The goal of this serie is to be able to multicast netlink messages with an
attribute that identify a peer netns.
This is needed by the userland to interpret some information contained in
netlink messages (like IFLA_LINK value, but also some other attributes in case
of x-netns netdevice (see also
http://thread.gmane.org/gmane.linux.network/315933/focus=316064 and
http://thread.gmane.org/gmane.linux.kernel.containers/28301/focus=4239)).

Ids of peer netns can be set by userland via a new rtnl cmd RTM_NEWNSID. When
the kernel needs an id for a peer (for example when advertising a new x-netns
interface via netlink), if the user didn't allocate an id, one will be
automatically allocated.
These ids are stored per netns and are local (ie only valid in the netns where
they are set). To avoid allocating an int for each peer netns, I use
idr_for_each() to retrieve the id of a peer netns. Note that it will be possible
to add a table (struct net -> id) later to optimize this lookup if needed.

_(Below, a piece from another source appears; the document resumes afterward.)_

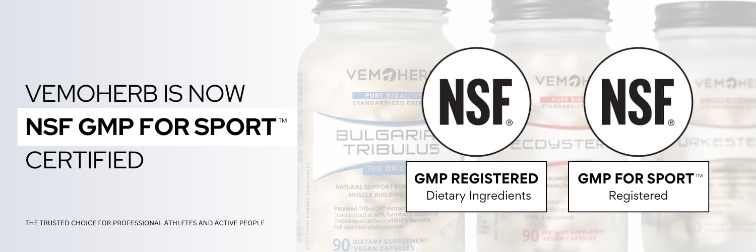 За VemoHerb получаването на NSF GMP for Sport™ е знак на нашата отдаденост към поддържането на най-високите стандарти за качество. Този сертификат дава увереност на спортистите, състезаващи се на най-високото ниво, че добавките на VemoHerb са безопасни, ефективни и напълно съответстват на изискванията за антидопингов контрол.

Patch 1/4 introduces the rtnetlink API mechanism to set and get these ids.
Patch 2/4 and 3/4 implements an example of how to use these ids when advertising
information about a x-netns interface.
And patch 4/4 shows that the netlink messages can be symetric between a GET and
a SET.

iproute2 patches are available, I can send them on demand.

Here is a small screenshot to show how it can be used by userland.

# Initialization:
$ ip netns add foo
$ ip netns del foo
$ ip netns
$ touch /var/run/netns/init_net
$ mount --bind /proc/1/ns/net /var/run/netns/init_net
$ ip netns add foo
$ ip -n foo netns
foo
init_net
$ ip -n foo netns set init_net 0
$ ip -n foo netns set foo 1

# Only netns seen from foo have an id:
$ ip netns
foo
init_net
$ ip -n foo netns
foo (id: 1)
init_net (id: 0)

# Add a 4in4 x-netns interface with a link-netnsid option and check the dump:
$ ip -n foo link add ipip1 link-netnsid 0 type ipip remote 10.16.0.121 local 10.16.0.249
$ ip -n foo link ls ipip1
6: ipip1@NONE: <POINTOPOINT,NOARP> mtu 1480 qdisc noop state DOWN mode DEFAULT group default 
    link/ipip 10.16.0.249 peer 10.16.0.121 link-netnsid 0
# The parameter link-netnsid shows us where the interface sends and receives
# packets (and thus we know where encapsulated addresses are set).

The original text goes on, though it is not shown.